If there's a cynical sound to my headline this rainy morning, don't let it fool you. The rain may be falling to create a miserable mess outside, but in my mind, the sun is shining throughout Idaho. Comes a time every so often in life when the little guys show the big guys the true ingredients of grit, talent, determination, pride, teamwork, and heart. And, when that happens, we can all celebrate. Fiesta Bowl, 2007: Boise State 43, Oklahoma 42.
Years ago when my first book was published, my editor wrote a short bio for the page "about the author." She said something about how it takes toughness and a sense of humor to live in Idaho. She was right. We've spent our lives being mocked, forgotten and dismissed because we're the hicks from the potato state. This has worked well until recently to keep the bluebloods of the world from wanting to live alongside of us cuz after all, we're stupid, right?
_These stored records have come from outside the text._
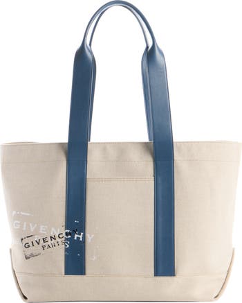 Weathered logo lettering lends a timeworn look to a capacious canvas tote wrapped with calfskin-leather handles fashioned with comfortable rolled grips.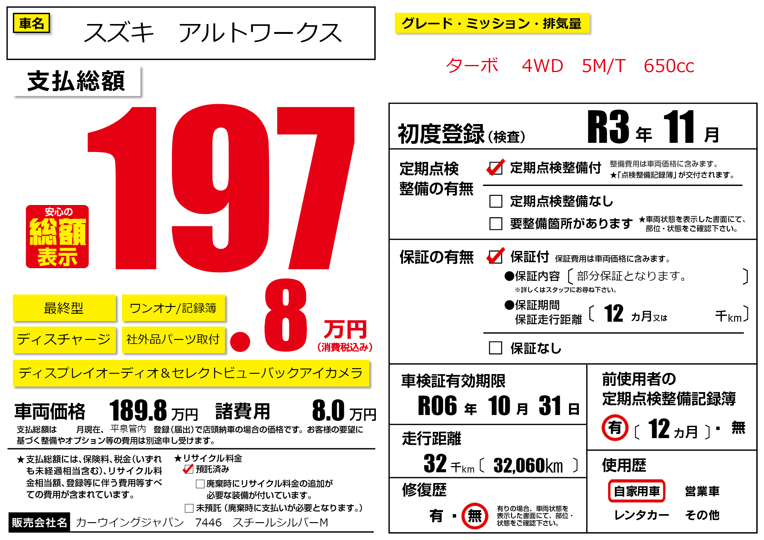 | 車名 | スズキ アルトワークス | グレード ミッション 排気量 |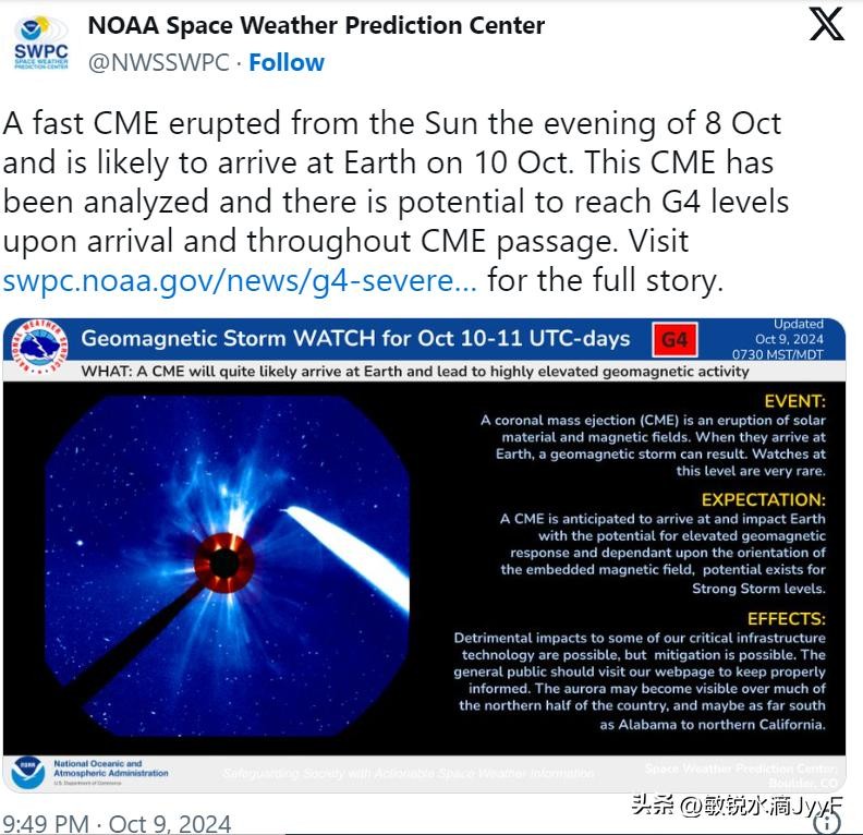 这次地磁风暴的起因是一股来自太阳的强大太阳耀斑和日冕物质抛射(CME),它们将以每小时超过400万公里的速度直冲地球。根据专家的预计,这场风暴可能会在周四凌晨到中午之间(美国东部时间)抵达地球,并持续至周五。风暴不仅带来美丽的极光,还可能干扰通信、电网和卫星运行,相关部门已经做好了应对准备。

Well, the bluebloods are coming because they've discovered that we sodbusting hayseeds may have discovered something very special long before they did. We knew it all along, but try to tell anyone outside the state's borders. If the secret never quite managed to make headlines, Boise State's Broncos changed that last night. For nearly five hours, they rammed the Idaho message into the faces of a bunch of cocky sportscasters and a team of "blueblood" football players from Oklahoma.
I don't know how many people tuned in for the pre-game, but I will tell you that the comments made by coaches Jimmy Johnson and Barry Switzer turned the air blue in the Lovestead, where three Boise State alums often visit Mom and Dad Love. A Boise State logo sat above the TV screen where Jimmy Johnson was proclaiming that the only way Boise State was going to win this game was if Oklahoma helped them out and former Oklahoma coach Barry Switzer was dismissing the Broncos as a "mismatch" for his Oklahoma Sooners.
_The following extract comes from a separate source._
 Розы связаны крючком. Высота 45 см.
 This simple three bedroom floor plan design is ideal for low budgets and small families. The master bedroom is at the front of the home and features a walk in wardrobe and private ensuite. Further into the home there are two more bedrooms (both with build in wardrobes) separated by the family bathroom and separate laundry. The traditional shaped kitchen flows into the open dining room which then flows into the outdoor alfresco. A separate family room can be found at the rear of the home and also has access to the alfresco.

One of the commentators even asked, "Whoever heard of Boise State anyway?" The pregrame show even made fun of the BSU blue turf. By the end of the game, I have a feeling a few of those cocky casters were seeing a little blue or feeling a little blue about the blue collar athletes from Boise who scripted probably the best Cinderella story I've ever watched.
Bill and I sat in the living room glued to every second----he in his Boise State cap, I, in my new Broncos sweatshirt. Before the game, Bill had ceremoniously placed the Boise State logo, designed to be inserted into the trailer shaft on back of a vehicle, atop the tube. Though sitting there precariously, the logo never once toppled from the TV set, no matter how loud we yelled or how hard we clapped throughout the game. We had received the sweatshirt, cap and logo Saturday night at our hotel in Seattle, shortly after returning from Key Arena where we had watched a basketball game where our beloved Zags had lost a thriller against Nevada.
Christmas presents from Willie and Debbie, our son and daughter-in-law (both Boise State grads) had been transported from Boise by two other BSU grads who'd gone home for Christmas. Annie, our daughter (also a Boise State grad) who works at the Marriott, joined us for the gift opening. Last night Annie gathered with some other BSU grads at a bar in Seattle to watch the game.
Willie and Debbie could not join us in Seattle because Willie had to stay in Boise to cover the Miami-Nevada bowl game for the Idaho Press Tribune. He'd been given the assignment when his colleagues learned they'd be in Phoenix covering the Fiesta Bowl. I'm sure he was working the sports desk last night during the game and savoring the information that would appear in today's paper about the dismissed hicks from the sticks who demonstrated to the nation what Idahoans are all about.
After the game, I checked the "Huckleberries Online" blog and wrote a comment about the game. This morning, while reading other comments indicating that many Idaho Potatoes have turned into Broncos overnight, I zeroed in on a brilliant analogy submitted by an "Uncle Rico," suggesting that the Boise State quarterback could be compared to Napoleon Dynamite, the nerd in an Idaho-made movie of the same name.
Napoleon Dynamite almost overnight turned into a cult movie, beloved by virtually anyone who watches it once, twice or two dozen times like my husband. In this movie, Napoleon, in his eccentric way, makes meat of the egocentric jocks and jockettes who've always dismissed him as an idiot to be mocked every day of his life. While supporting his buddy Pedro for student body president, Napoleon wows a cynical teen-age crowd into giving him a standing ovation for his unbelievable dance moves, and to Pedro, they give the presidency.
Whoever Uncle Rico is that posted on "Huckleberries," he's hit the nail on the head. The Ugly Betty's of the world and the Napoleon Dynamites occasionally get their moment in the sun, and when that happens, they stand up as the true heroes for all us regular joes who go through life one step at a time doing our best but being dismissed for most of the route.
And, for those of us who live the "stupid Idaho" jokes most of our route, last night's Boise State performance will sustain us and our misunderstood state for years to come. Idahoans are true blue-collar Rodney Dangerfields, who've finally gained some respect, and it's oh such sweet potatoes.